You can indeed infer $\textbf{(1)}$ and $\textbf{(2)}$ from looking at the truth tables, but to write it requires some care. Also it's not good practice to say $s_1=p$, because $p$ is usually reserved for propositional symbols and $s_1$ can be a complex formula, but this isn't really relevant. Below is how I would have done it.

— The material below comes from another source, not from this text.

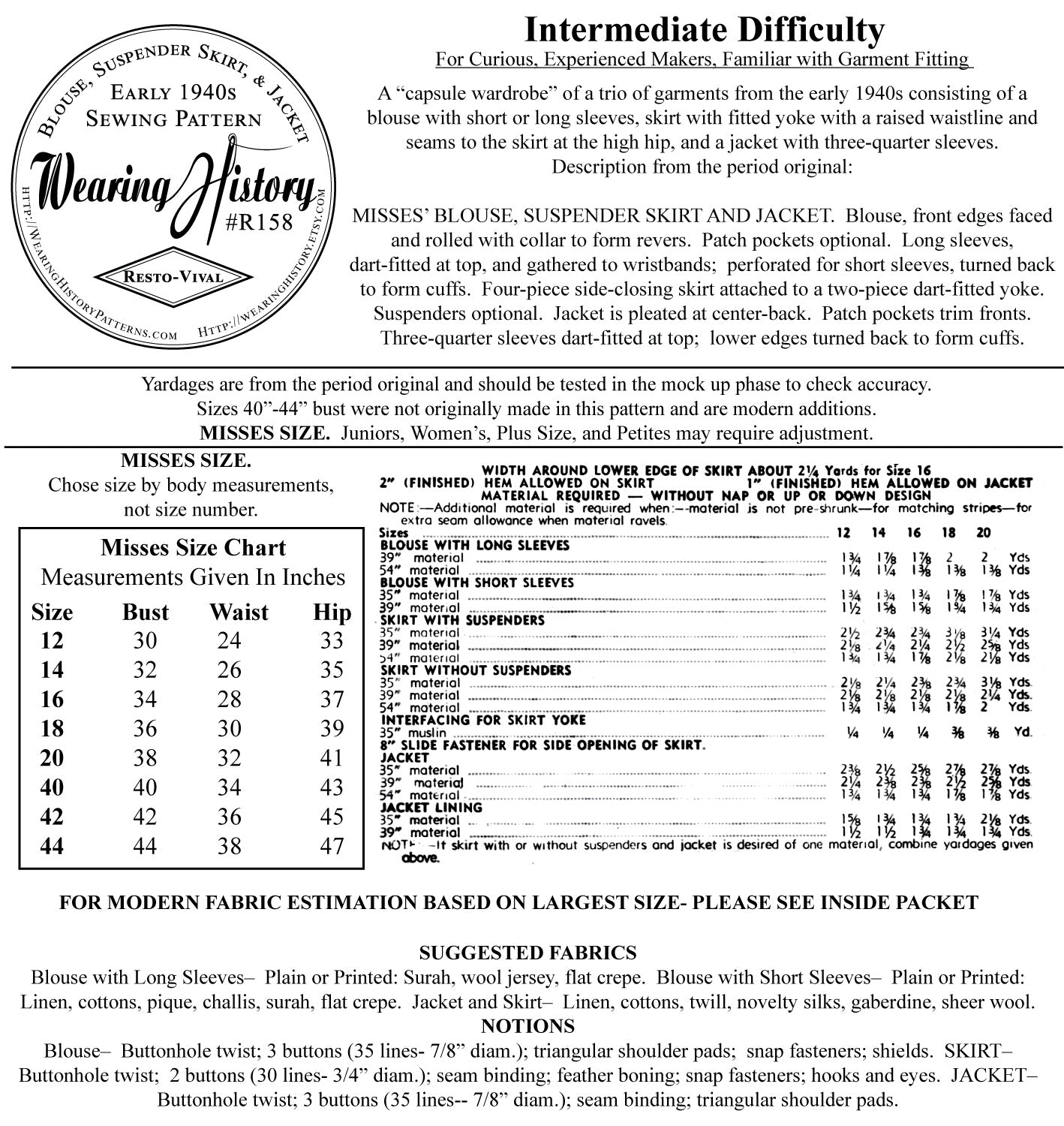 R158- Early 1940s Blouse, Suspender Skirt, & Jacket pattern.

By definition, $s_1\iff s_2$ is an abbreviation of $s_1\implies s_2$ and $s_2\implies s_1$, or in an alternative notation, $s_1\models s_2$ and $s_2\models s_1$. I will be using the latter.
For $\textbf{(1)}$, assume $s_1\leftrightarrow s_2$ is a tautology. This means, by definition of tautology, that for every valuation $w$ one has $w(s_1\leftrightarrow s_2)=1$. Since by definition of valuation one has $$w(s_1\leftrightarrow s_2)=\min\left(\max(1-w(s_1), w(s_2)), \max(w(s_1), 1-w(s_2))\right),$$ it follows that $\max(1-w(s_1), w(s_2))=1=\max(w(s_1), 1-w(s_2))$.
Now to prove that $s_1\models s_2$ take any valuation $v$ and suppose that $v(s_1)=1$. (The goal is to prove that $v(s_2)=1$). Since $\max(1-v(s_1), v(s_2))=1$ and $1-v(s_1)=0$, one gets $v(s_2)=1$, as desired.
The proof of $s_2\models s_1$ is similar.
For $\textbf{(2)}$, suppose $s_1\models s_2$ and $s_2\models s_1$. (The goal is to prove that for every valuation $v$, $v(s_1\leftrightarrow s_2)=1$). Let $v$ by a valuation. One has $$v(s_1\leftrightarrow s_2)=\min\left(\max(1-v(s_1), v(s_2)), \max(v(s_1), 1-v(s_2))\right).$$
Now either $v(s_1)=1$ or $v(s_1)=0$. In the first case, since $s_1\models s_2$, $v(s_2)=1$ follows. Consequently $v(s_1\leftrightarrow s_2)=1$. In the case $v(s_1)=0$, because $s_2\models s_1$, it can't be the case that $v(s_2)=1$, thus $v(s_2)=0$ and $v(s_1\leftrightarrow s_2)=1$.